(Given information)

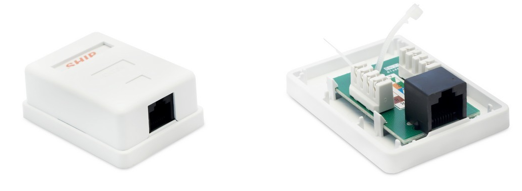 Для внешнего монтажа. Корпус настенной розетки состоит из основания и крышки. Конструкция выполнена из высококачественного пластика. Внутри расположен модуль RJ-45, UTP, стандарта категории 5e. Крепёжные элементы для монтажа включены в комплект. Корпус крепится к поверхности при помощи двух винтов и шурупов.
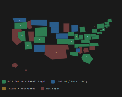 The legal landscape falls into four categories: states with full online and retail betting, states with limited or retail-only markets, states with tribal-only options, and states where it remains illegal entirely.
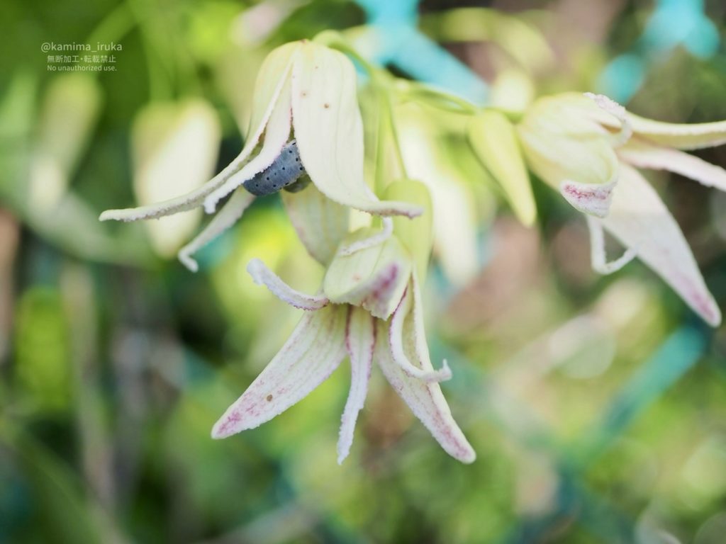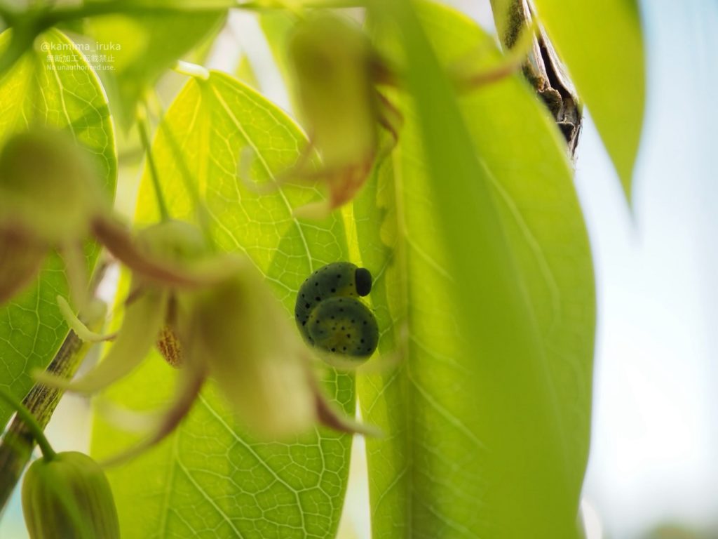 アケビコンボウハバチの幼虫ちゃんが葉の上をのこのこ歩いたり、くるりんと丸まって落ち着いておりました。
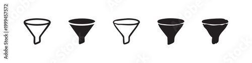 Funnel Icon Set in Various Styles, Outline, Solid, and Hand-drawn for Processing Themes
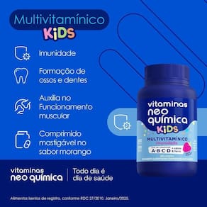 Neo Química Kids, é desenvolvido especialmente para crianças, proporcionando uma maneira saborosa e fácil de suplementar as vitaminas essenciais para o crescimento e desenvolvimento saudável.

(End Given information)

What this task involves »
From the line that contains "Funnel Icon Set" to the final line of the entries, reproduce every line exactly, both ends included. Leave out all pictures.

Result for this task »
 Funnel Icon Set in Various Styles, Outline, Solid, and Hand-drawn for Processing Themes
 Neo Química Kids, é desenvolvido especialmente para crianças, proporcionando uma maneira saborosa e fácil de suplementar as vitaminas essenciais para o crescimento e desenvolvimento saudável.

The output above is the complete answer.